The Knick, Cinemax. Starring Clive Owen as a New York turn-of-the-century doctor (but early 1900s, not early 2000s), this drama series was directed by Steven Soderbergh with an almost gothic feel. Addictions ran deep among the hospital staff – and this Cinemax series became addictive, too, giving that network its most impressive original production to date.
Last Week Tonight with John Oliver, HBO. This show is well into Season 2 now, but it didn’t take this Daily Show alumnus long to establish its unique hallmark in Season 1: the ability, as well as the desire, to present an extended, involved piece on the topic of the week. I learn something almost every week – and I laugh out loud almost every week, too.

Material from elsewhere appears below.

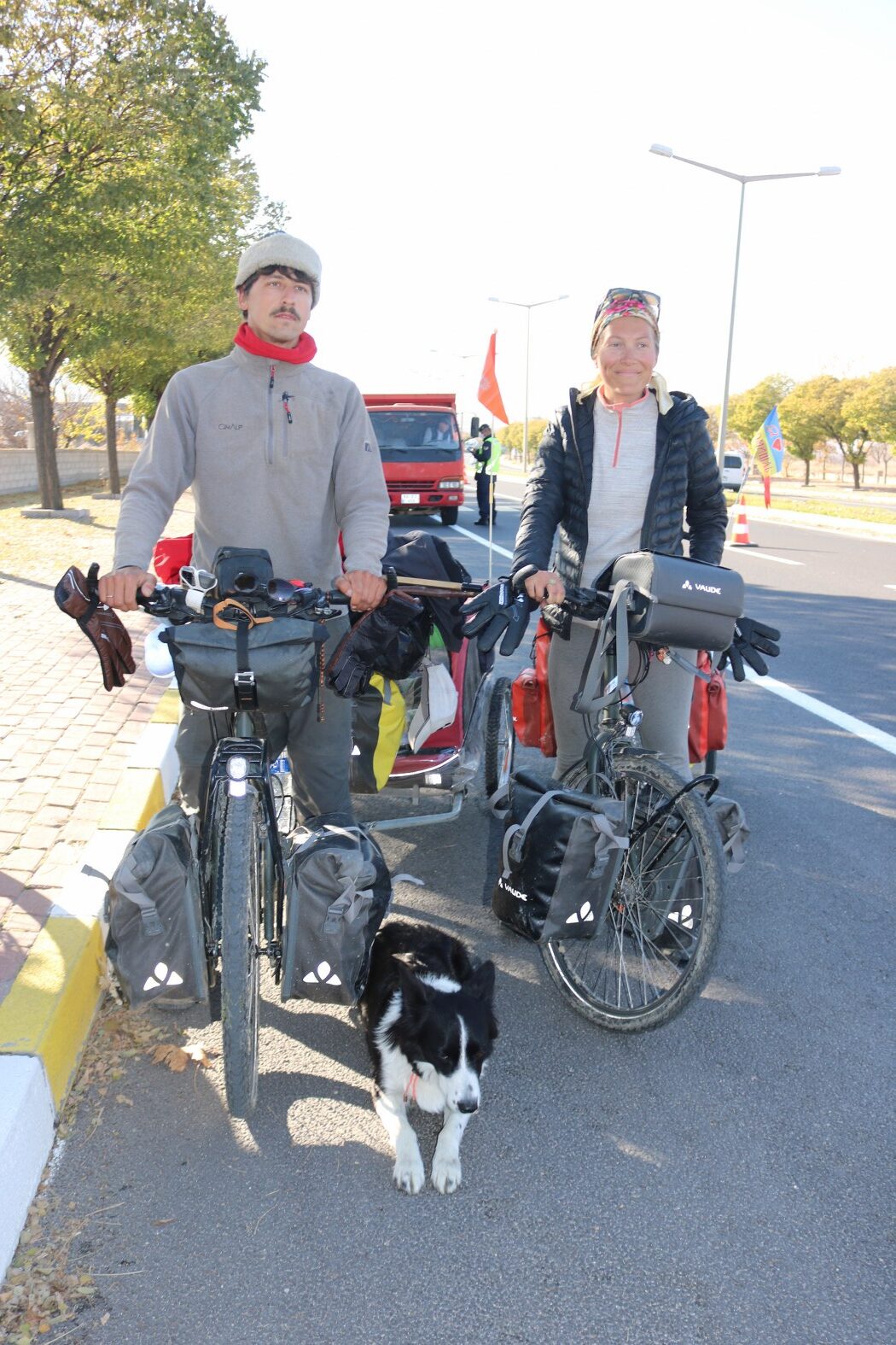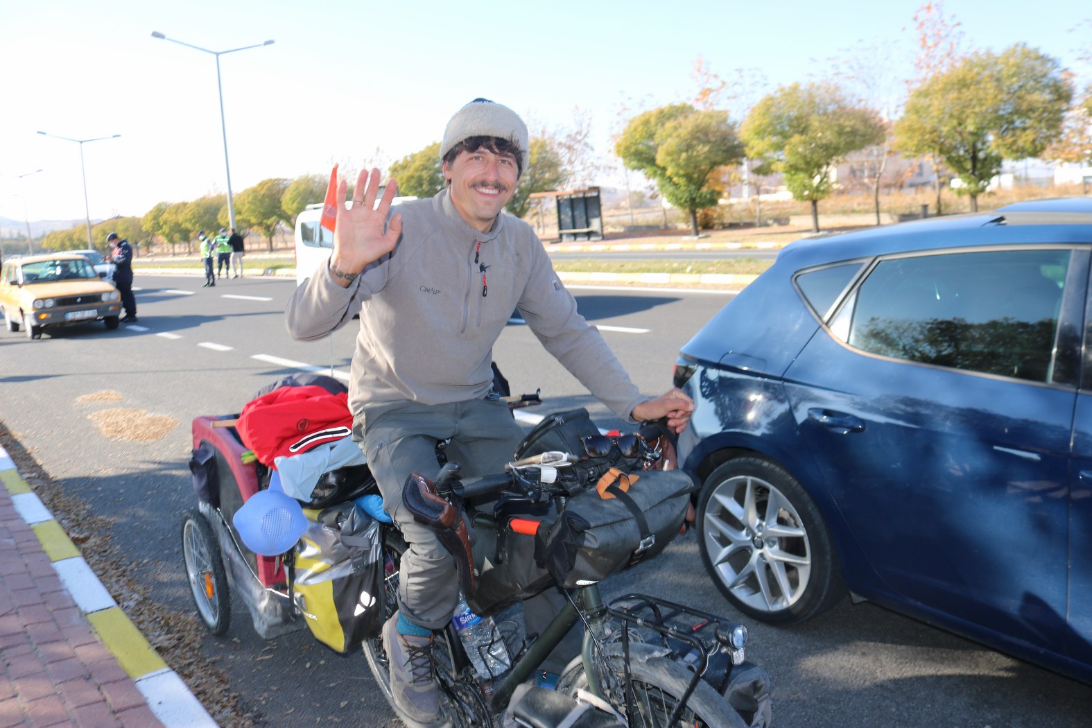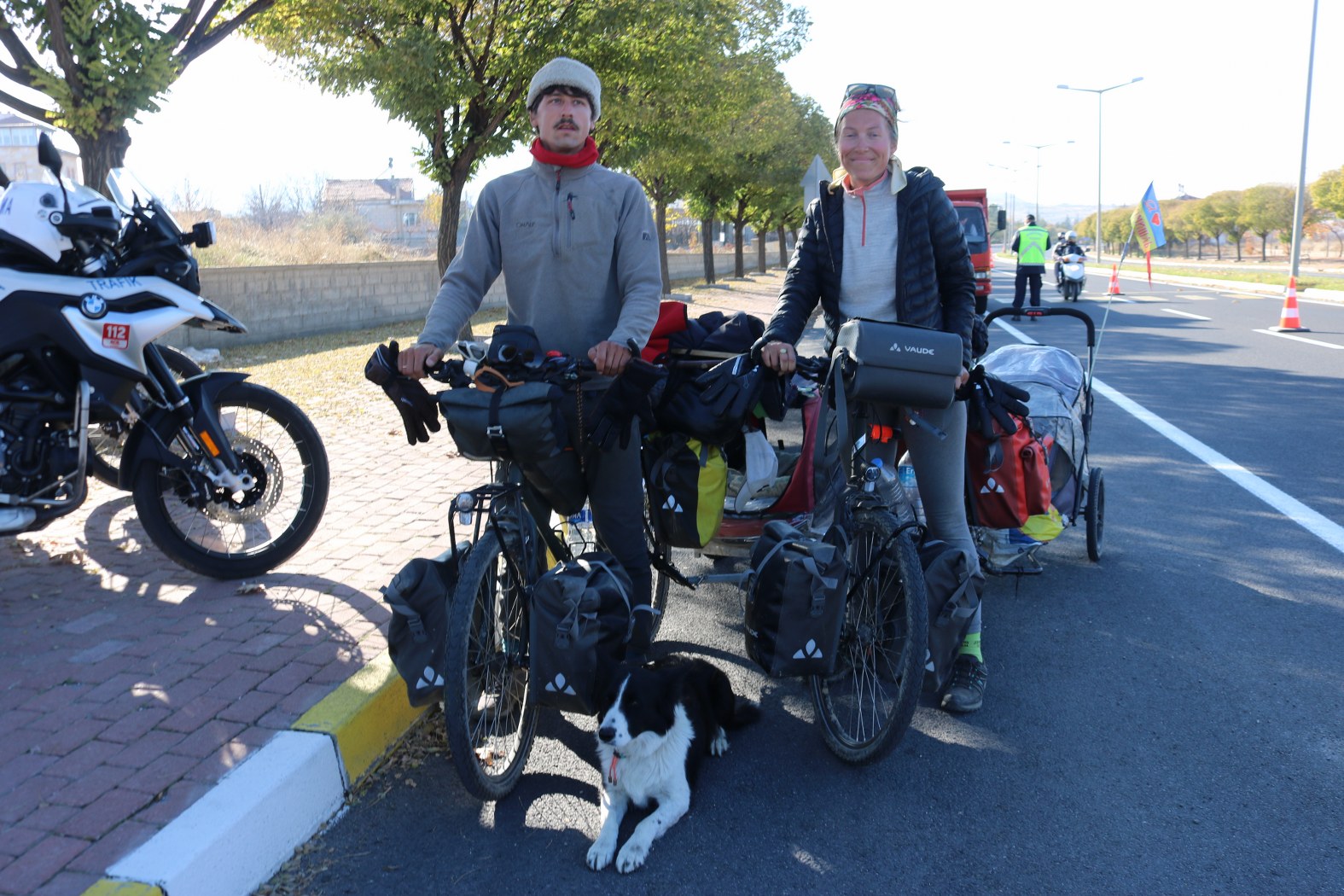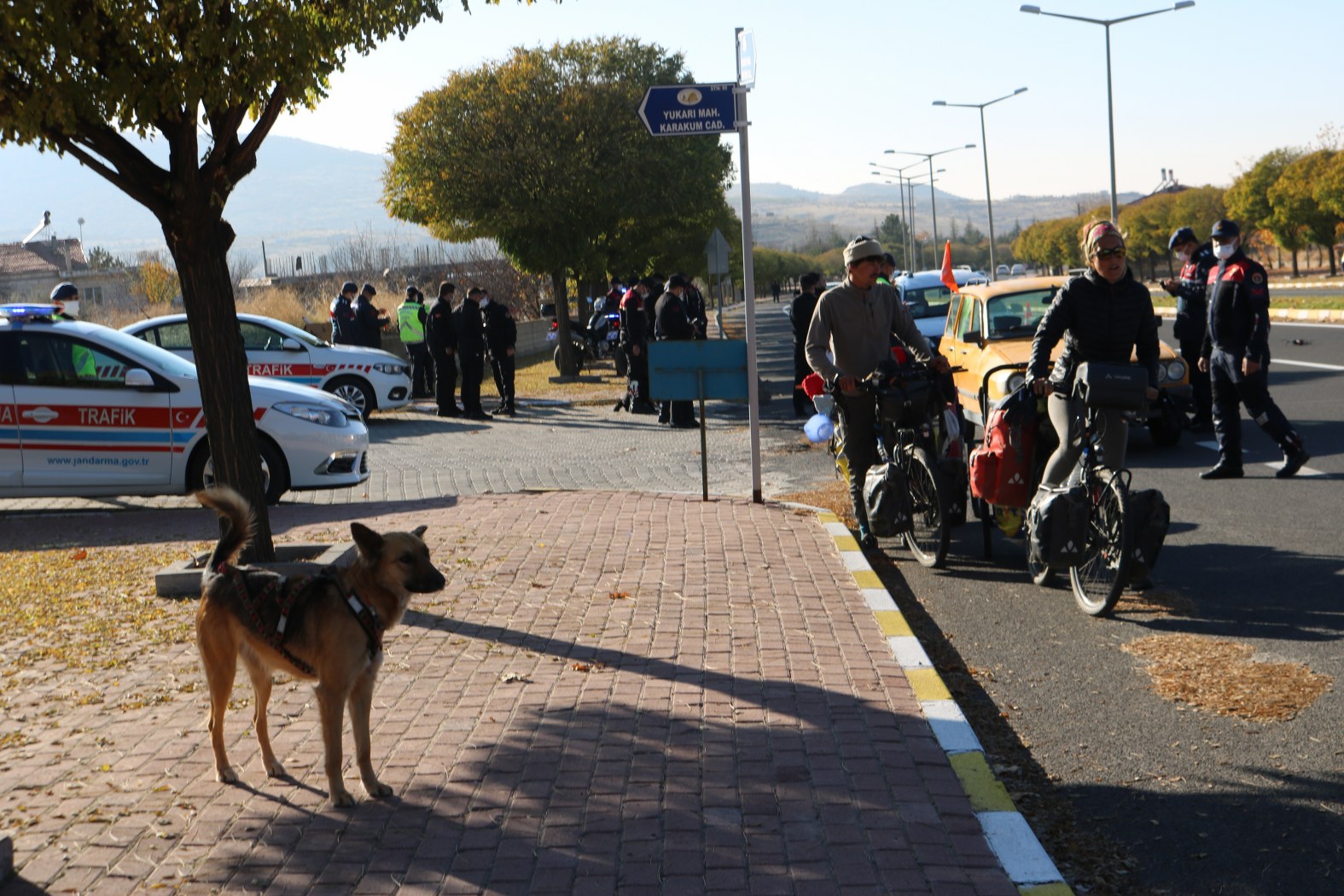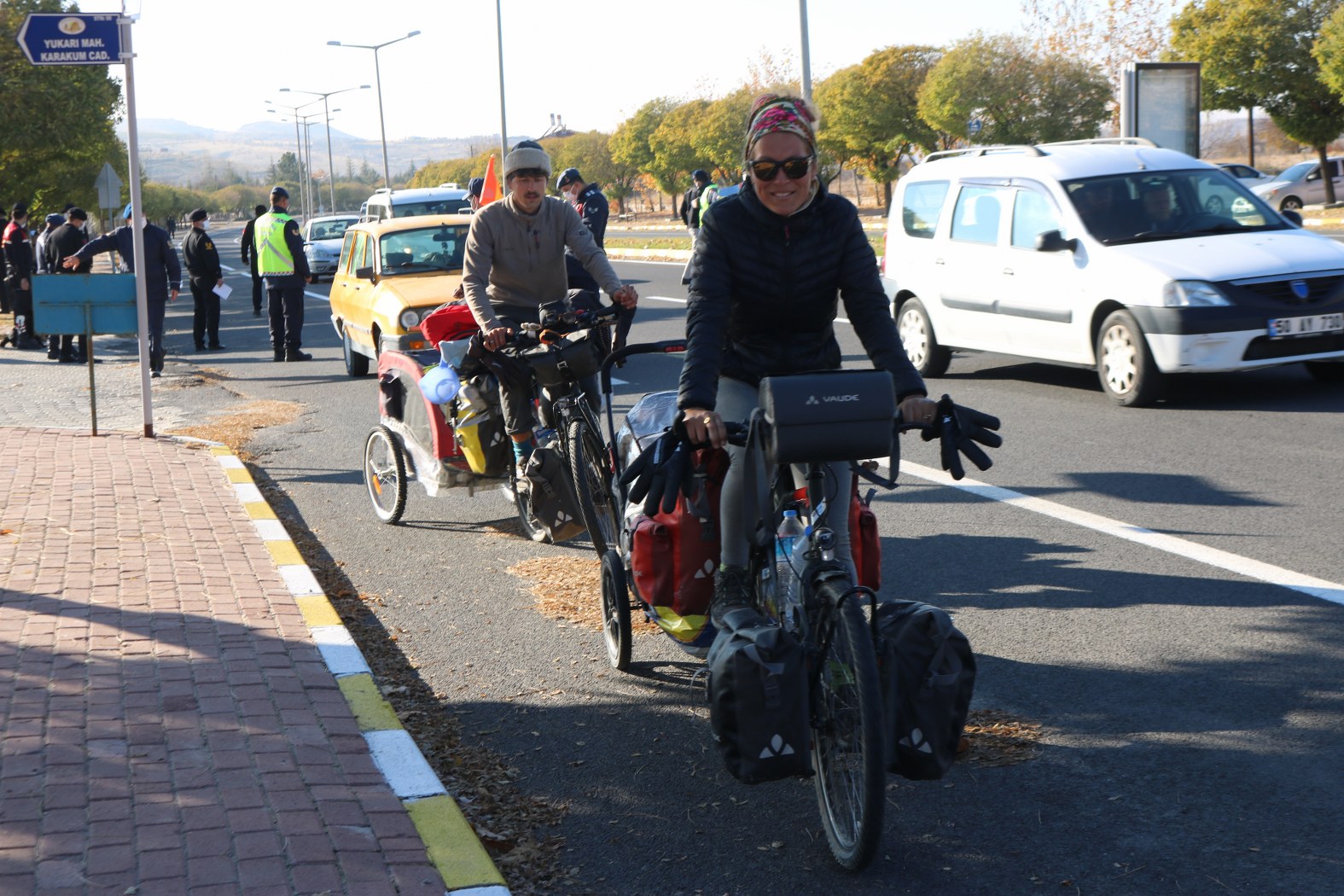 Kapadokya bölgesinde bisikletleriyle ilk olarak Uçhisar beldesine giriş yapan  Fransız mimar Marie Lebbal; “ Yaklaşık 7 ay önce eşim Akim ile birlikte bisikletlerimizle birlikte Fransa’dan başlayıp sırasıyla İsviçre,Almanya,Avusturya, Slovakya, Polonya ve Ukrayna’dan sonra Türkiye’ye geldik. Bizim için oldukça eğlenceli de geçiyor.Yanımızda çok sevdiğimiz köpeklerimiz Ponoya ve Moustalhe’de var. Onlar için bir de barınağımız var, kimi zaman bisikletimizi koşarak takip ediyorlar, kimi zamanda küçük bagajlarında dinlenerek geziyorlar. Bisikletimizle 5 bin 500. Kilometre de Kapadokya’ya geldik. Henüz bölgeyi gezmedik,Türkiye’deki tarihi yerleri de ziyaret ettikten sonra gezimizi Tacikistan’da sonlandırmayı planlıyoruz, ama imkan bulursak elbette Asya ülkelerini de gezmeyi istiyoruz.”dedi.

Rectify, Sundance. Aden Young stars in this grim character study as a Death Row inmate released after a long incarneration, and unsure about what to do next, or where or how to fit in. I think he may be the most passive protagonist in TV history – he seldom makes a decision on his own, but just gets buffeted from one person and confrontation to the next. But that’s not a complaint. In the hands of this series, it’s a quiet, amazing wonder.